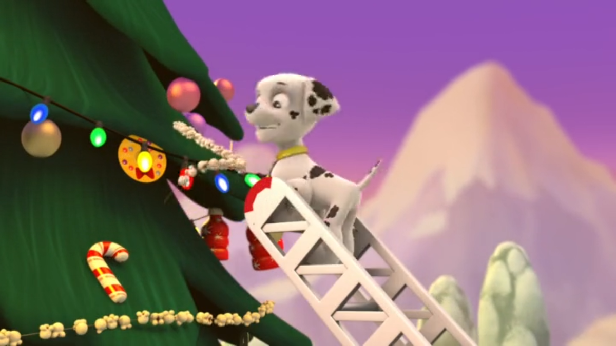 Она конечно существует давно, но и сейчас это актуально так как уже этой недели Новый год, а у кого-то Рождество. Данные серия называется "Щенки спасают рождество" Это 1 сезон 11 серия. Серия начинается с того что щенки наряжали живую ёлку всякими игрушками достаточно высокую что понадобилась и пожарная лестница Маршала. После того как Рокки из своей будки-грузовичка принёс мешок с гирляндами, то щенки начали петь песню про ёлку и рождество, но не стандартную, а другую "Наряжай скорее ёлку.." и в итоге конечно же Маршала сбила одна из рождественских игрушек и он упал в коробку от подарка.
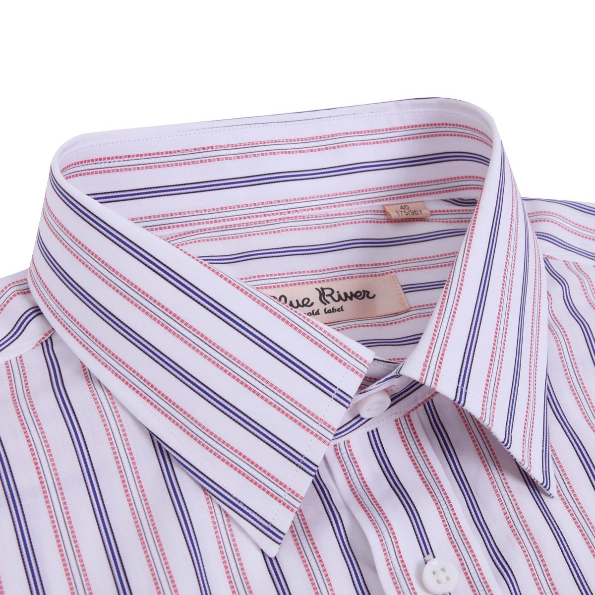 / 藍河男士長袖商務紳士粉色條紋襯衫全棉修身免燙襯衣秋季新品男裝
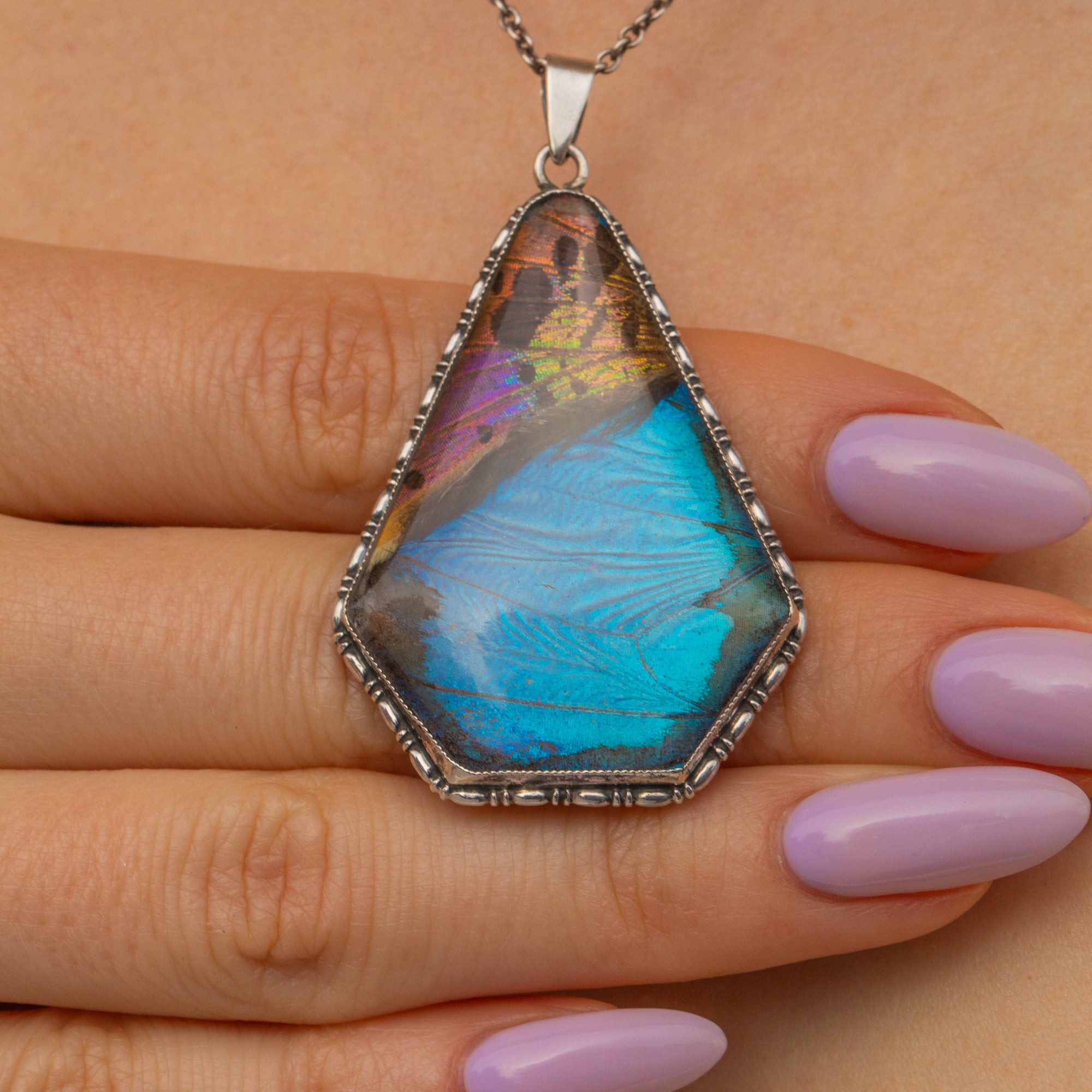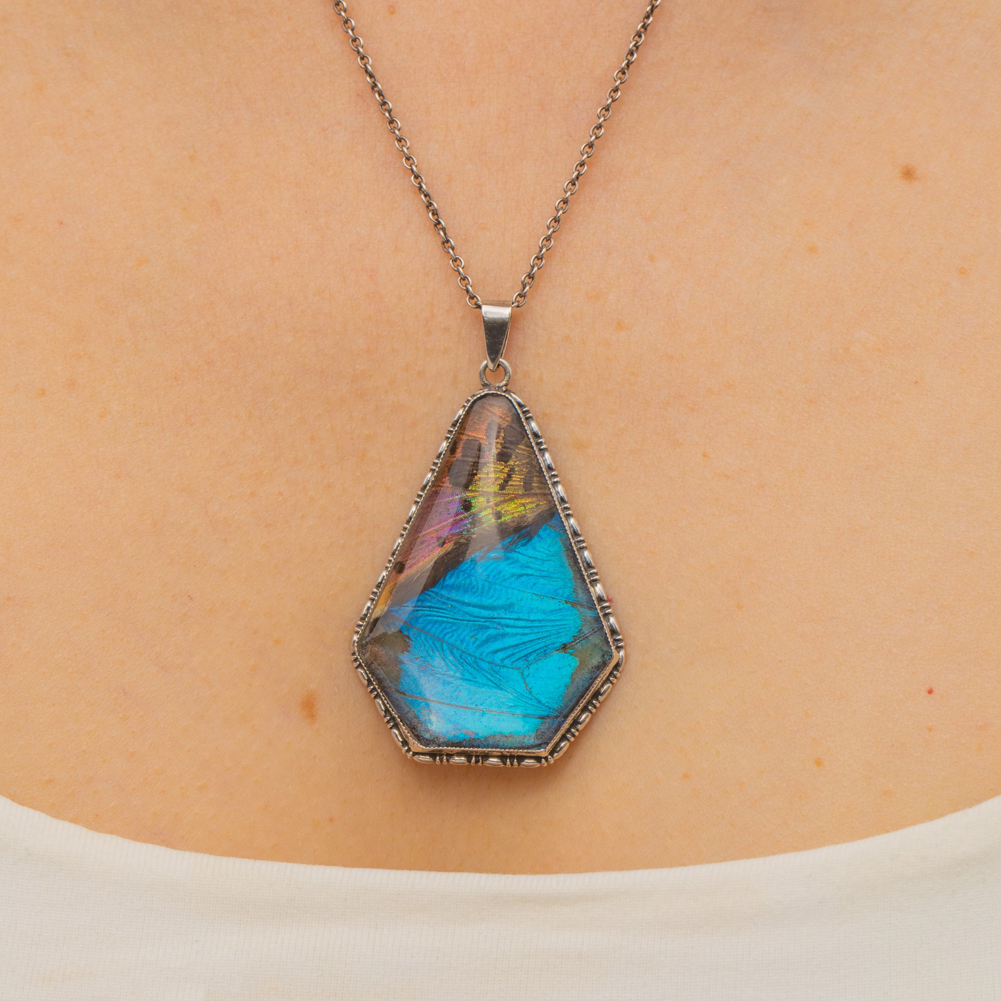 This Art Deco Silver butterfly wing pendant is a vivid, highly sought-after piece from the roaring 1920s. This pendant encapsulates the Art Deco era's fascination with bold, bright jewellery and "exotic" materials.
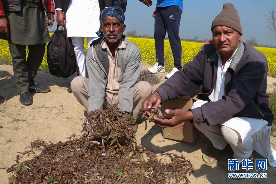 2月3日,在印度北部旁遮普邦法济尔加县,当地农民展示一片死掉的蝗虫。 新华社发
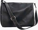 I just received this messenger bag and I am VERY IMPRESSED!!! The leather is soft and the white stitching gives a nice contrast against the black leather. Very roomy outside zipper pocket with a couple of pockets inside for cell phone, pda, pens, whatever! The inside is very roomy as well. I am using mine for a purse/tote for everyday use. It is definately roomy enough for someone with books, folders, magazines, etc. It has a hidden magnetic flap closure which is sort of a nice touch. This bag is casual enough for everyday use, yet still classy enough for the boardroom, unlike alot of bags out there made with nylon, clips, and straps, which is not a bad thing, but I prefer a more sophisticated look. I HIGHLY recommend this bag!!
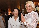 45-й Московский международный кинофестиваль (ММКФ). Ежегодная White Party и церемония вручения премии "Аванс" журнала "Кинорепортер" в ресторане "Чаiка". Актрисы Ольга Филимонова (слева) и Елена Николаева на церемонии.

• • • •

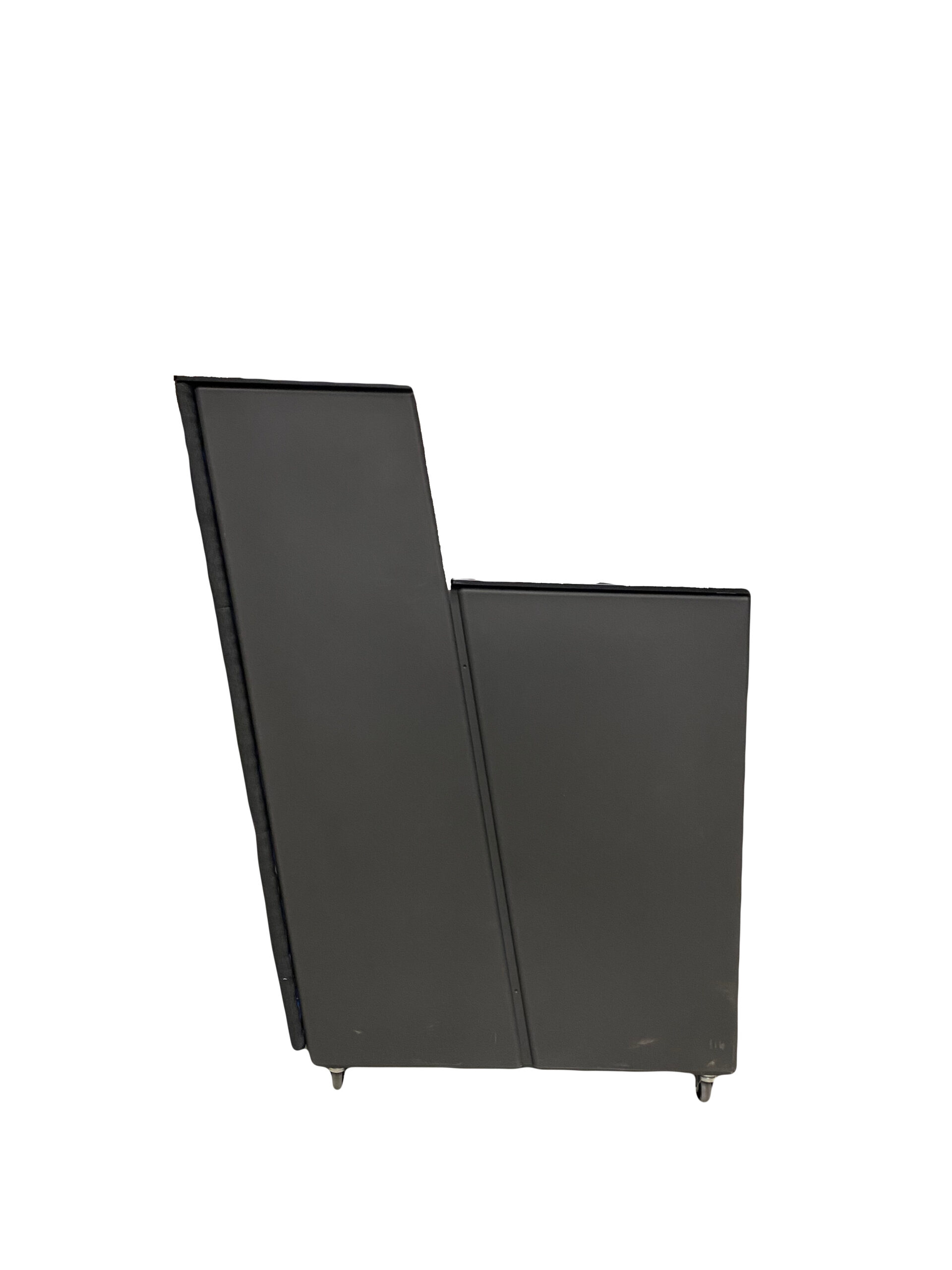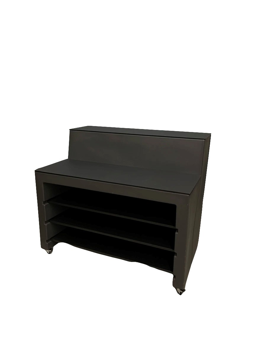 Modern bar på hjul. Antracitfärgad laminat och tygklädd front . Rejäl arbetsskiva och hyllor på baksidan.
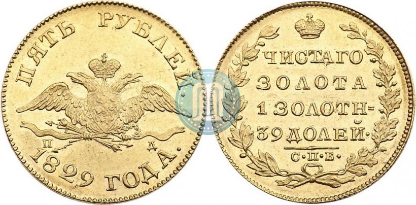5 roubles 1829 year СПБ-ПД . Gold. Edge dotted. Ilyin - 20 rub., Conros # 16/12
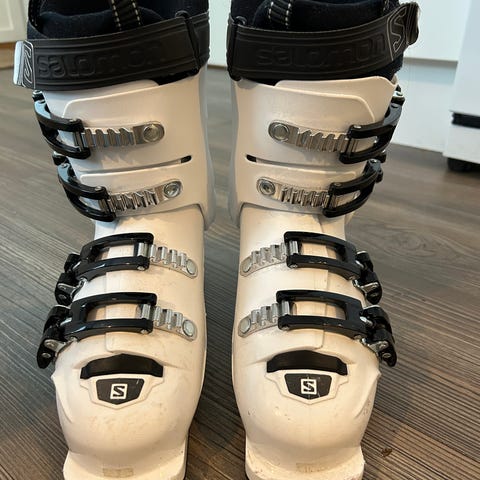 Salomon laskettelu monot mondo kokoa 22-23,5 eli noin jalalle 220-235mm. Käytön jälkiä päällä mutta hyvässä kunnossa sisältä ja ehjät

• • • •

**WHAT YOU HAVE TO DO:**
Copy only what runs above from the line containing "Она конечно существует" through the line containing "2月3日,在印度北部旁遮普邦法济尔加县,当地农民展示一片死掉的蝗虫。 新华社发", exactly. Leave out the pictures.

**TASK OUTPUT:**
 Она конечно существует давно, но и сейчас это актуально так как уже этой недели Новый год, а у кого-то Рождество. Данные серия называется "Щенки спасают рождество" Это 1 сезон 11 серия. Серия начинается с того что щенки наряжали живую ёлку всякими игрушками достаточно высокую что понадобилась и пожарная лестница Маршала. После того как Рокки из своей будки-грузовичка принёс мешок с гирляндами, то щенки начали петь песню про ёлку и рождество, но не стандартную, а другую "Наряжай скорее ёлку.." и в итоге конечно же Маршала сбила одна из рождественских игрушек и он упал в коробку от подарка.
 / 藍河男士長袖商務紳士粉色條紋襯衫全棉修身免燙襯衣秋季新品男裝
 This Art Deco Silver butterfly wing pendant is a vivid, highly sought-after piece from the roaring 1920s. This pendant encapsulates the Art Deco era's fascination with bold, bright jewellery and "exotic" materials.
 2月3日,在印度北部旁遮普邦法济尔加县,当地农民展示一片死掉的蝗虫。 新华社发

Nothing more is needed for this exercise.